Virtually nothing is known about Orefice's life. He was probably born around 1685, and some early sources have stated that he originally trained to be a lawyer. Records of his activity begin in Naples in 1708 with the production of his Il Maurizio, an opera seria which premiered in December of that year at the Teatro San Bartolomeo. He wrote several operas in this genre, including L'Engelberta co-composed with Francesco Mancini (1709), La pastorella al soglio (1710), and La Caligula delirante (1713), all of which premiered at the San Bartolomeo.

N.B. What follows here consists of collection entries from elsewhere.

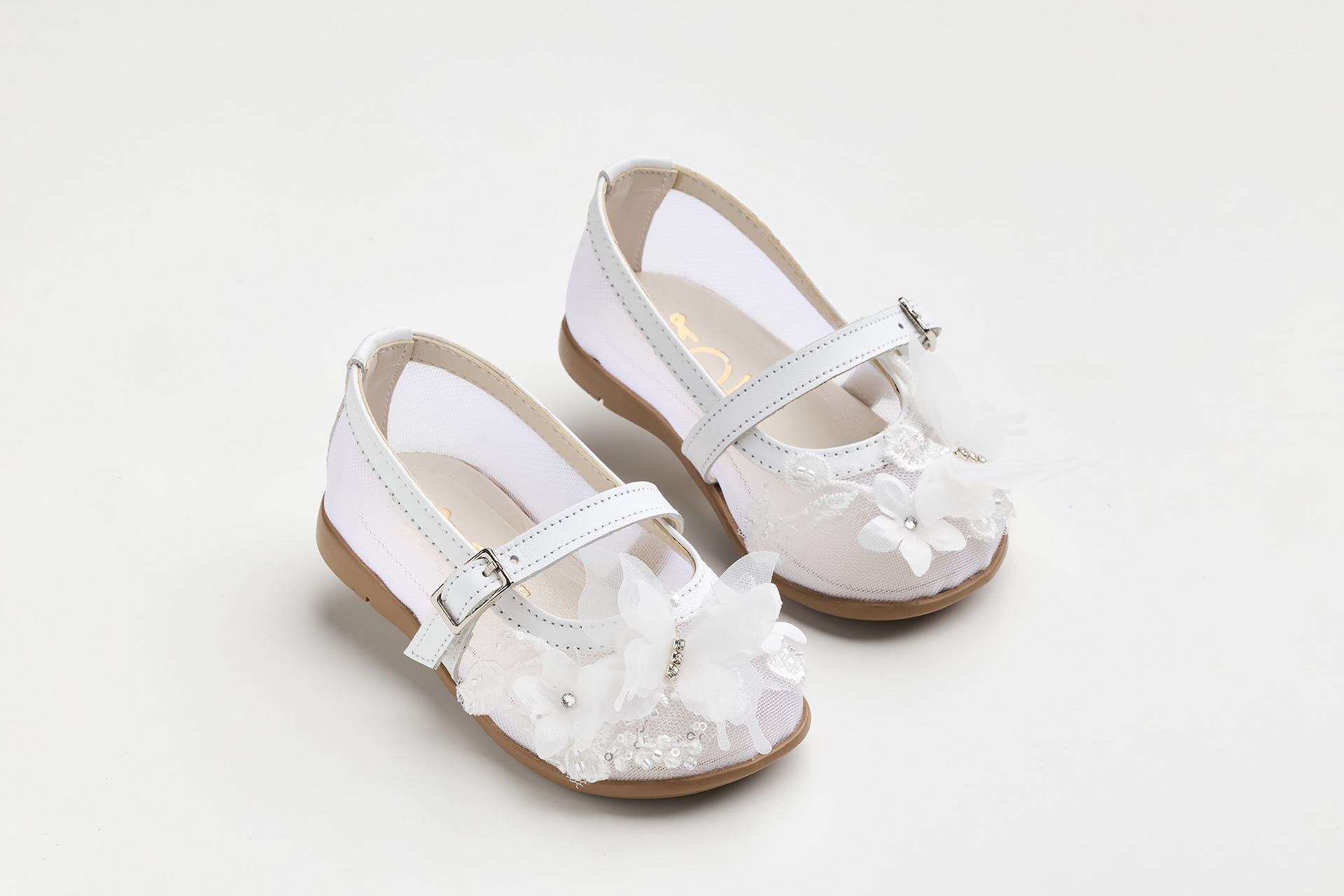 Μπαλαρίνα περπατήματος σε λευκό δέρμα και διαφάνεια κεντημένη με παγιέτες λουλούδι και πεταλούδα με στρας
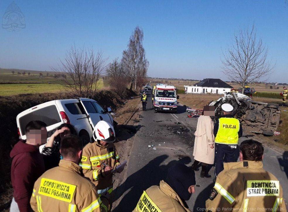 Wypadek dwóch osobówek w gminie Moszczenica. Na miejscu strażacy, ratownicy i śmigłowiec LPR. Sześć osób w szpitalu [Foto]
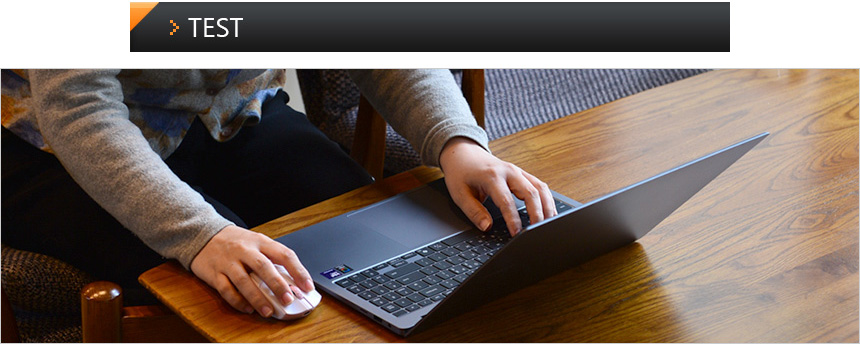 타이핑 테스트를 진행하고 있는 모습으로 키간격이 넓어 오타없는 고속 타이핑이 가능했으며 슬림 키캡 사용으로 깊은 눌림은 제공하지 않지만 구분감은 확연해 눈으로 확인하지 않고도 원할하게 타이핑을 할 수 있었다. 뿐만 아니라 엄청나게 넓은 팜래스트 지원으로 손 뿐만 아니라 손목까지 안정적으로 받쳐놓은 상태에서 편하게 노트북을 사용할 수 있었다.
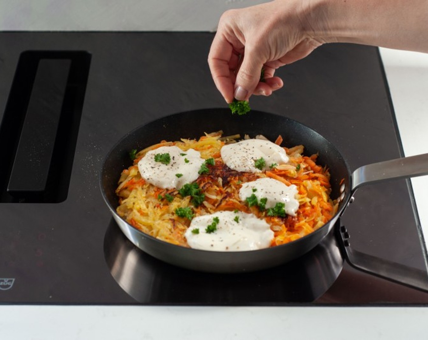 Mit unserem Rezept zauberst du eine knusprige Gemüserösti mit geschmolzenem Mozzarella auf den Tisch. Dieses vegetarische Rezept eignet sich bestens, um Gemüsereste aufzubrauchen und eine gesunde Mahlzeit für deine Liebsten zu kreieren.
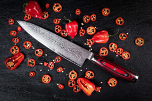• Super GOU 161 – druhá nejvyšší řada s elegantním designem laděným do červené. 161 vrstev oceli a jádro z SG2 dodávají noži mimořádnou odolnost i krásu.
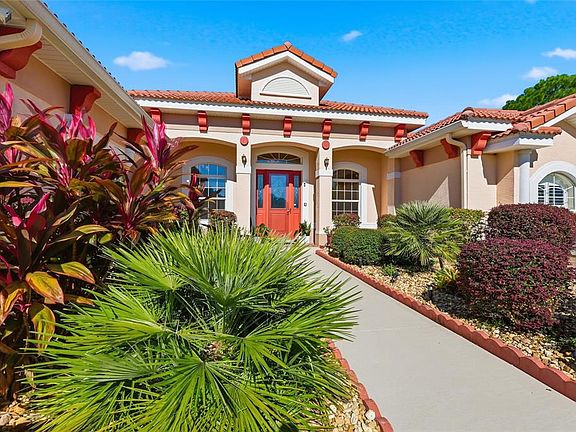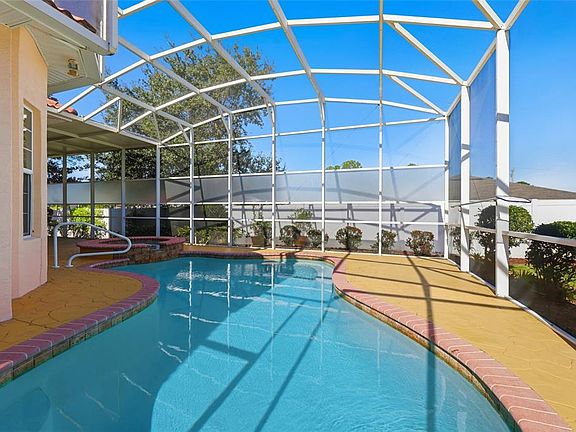 One or more photo(s) has been virtually staged. Garden Club award-winning landscaping sets the tone for this peaceful pool and spa retreat in the Pine Lakes W Section. Tucked on a quiet cul-de-sac of tile-roof homes, this thoughtfully maintained, custom-built 4 bedroom, 3 bathroom residence offers privacy, natural light, and comfortable everyday living. Inside, soaring and tray ceilings highlight open living spaces filled with sunlight. The kitchen includes Kraft Maid cabinetry and a double oven, with living and dining areas that flow seamlessly to the lanai and pool. The primary suite opens directly to the pool and features a walk-in closet and a spa-inspired bath with hydro-jet soaking tub, walk-in shower, double vanities, Kohler fixtures, and a built-in wall safe. Bedrooms two and three each have their own full bathrooms—ideal for guests. The fourth bedroom is currently used as an office and offers flexible use options. Outdoors, the screened pool and spa include a new gas heater (2023) and a spacious lanai for shaded outdoor living. The Garden Club award-winning landscape features programmable warm LED lighting and a self-watering planter system for easy maintenance. The tile roof has been freshly pressure-washed, and white PVC fencing adds privacy. No HOA. Centrally located near golf, shopping, dining, and just a short drive to the beach. A home designed for comfort, care, and the Florida lifestyle.
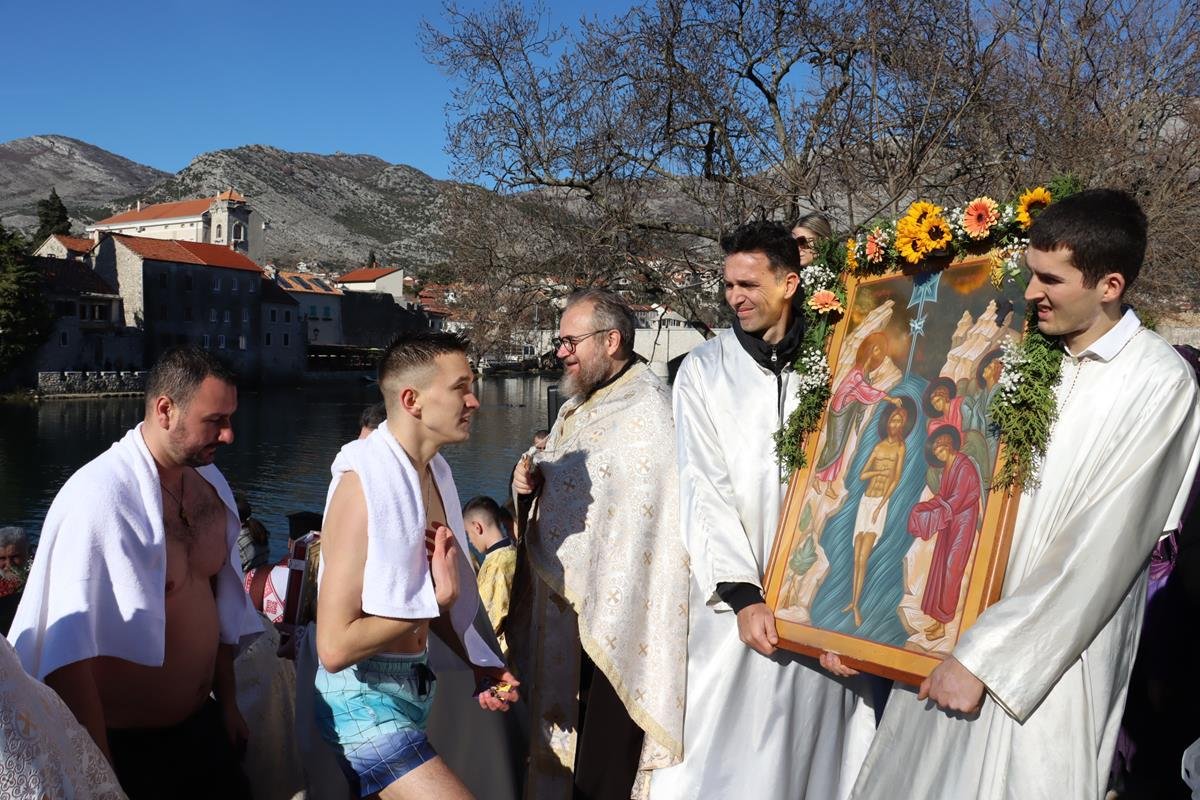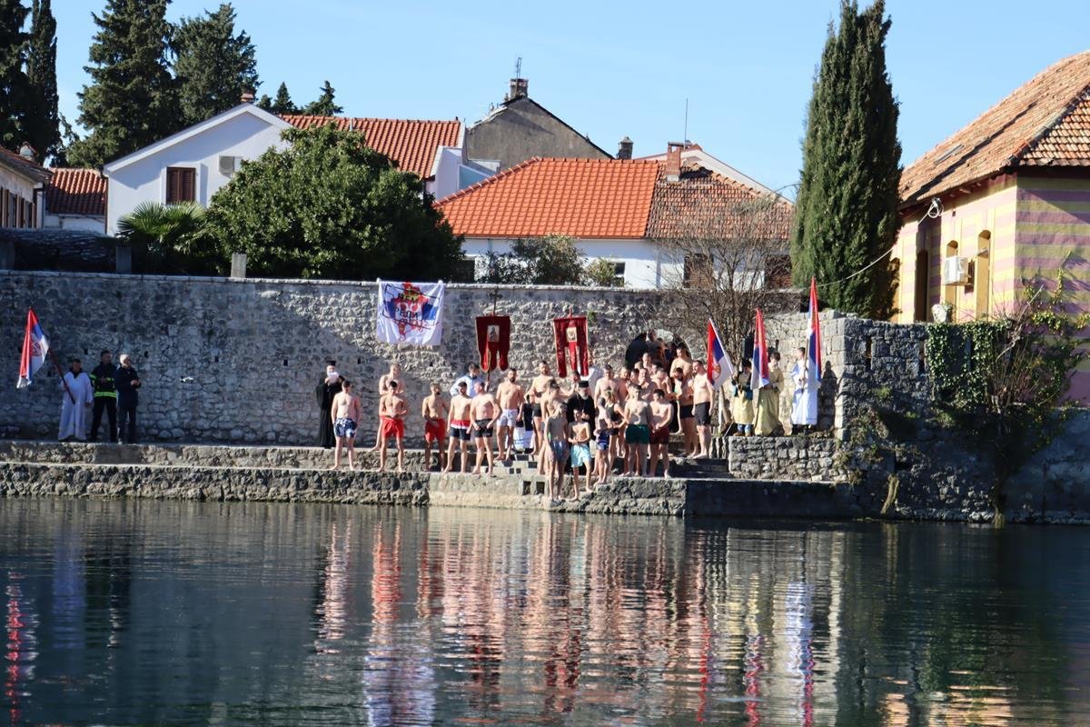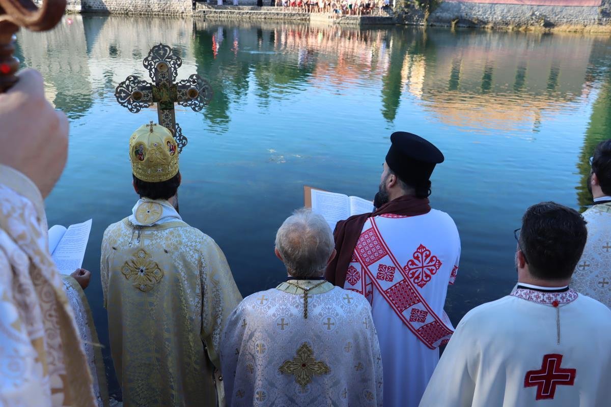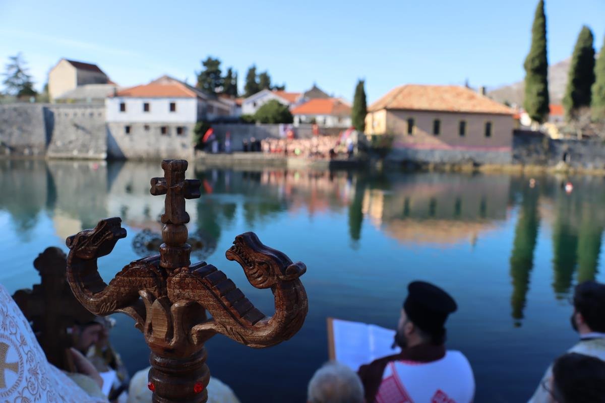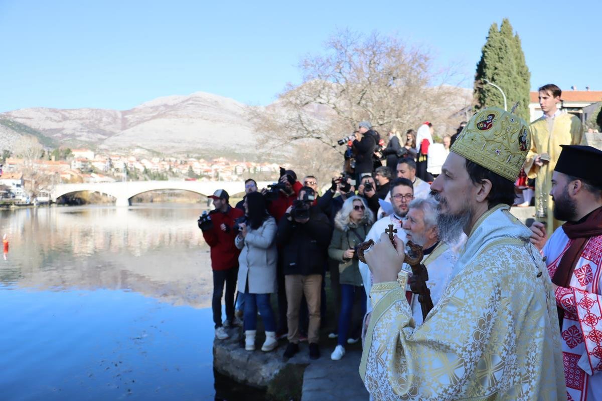 Након Светога Причешћа, услиједио је свечани излазак на ријеку Требишњицу у литијском ходу. Улицама Требиња, уз молитвено појање богојављенског тропара, кретало се мноштво вјерног народа, сабраних у радости великога празника. На обали Требишњице извршено је Велико освећење воде, а потом је у ријеку спуштен Часни крст, у сусрет којем је запливало више стотина најхрабријих учесника.

However, Orefice's fame primarily rests with his pioneering work in the Neapolitan opera buffa genre. Prior to the premiere of his Patrò Calienno de la Costa in 1709 at the Teatro dei Fiorentini, works of this type had only been performed in the private theatres of aristocrats. Its success, documented in the Gazzetta di Napoli, led to the Teatro dei Fiorentini commissioning and premiering many more such works by Orefice and others. Their popularity also led to the opening of two new theatres in Naples to accommodate the expanding audiences for these works—the Teatro della Pace and the Teatro Nuovo. The premiere of Orefice's Lo Simmele set to a libretto in Neapolitan dialect by Bernardo Saddumene inaugurated the newly built Teatro Nuovo on 15 October 1724. Five years later, Lo Simmele and Leonardo Vinci's Li zite ngalera became the first works of this genre to be presented outside Naples. Partially translated into the Tuscan dialect with some alteration to the music by Giovanni Fischetti and given new titles, (Note: Orefice's Lo Simmele was performed as La somiglianza and Vinci's Li zite ngalera as La costanza.) they were performed at the Teatro Capranica in Rome and further increased the popularity of the genre.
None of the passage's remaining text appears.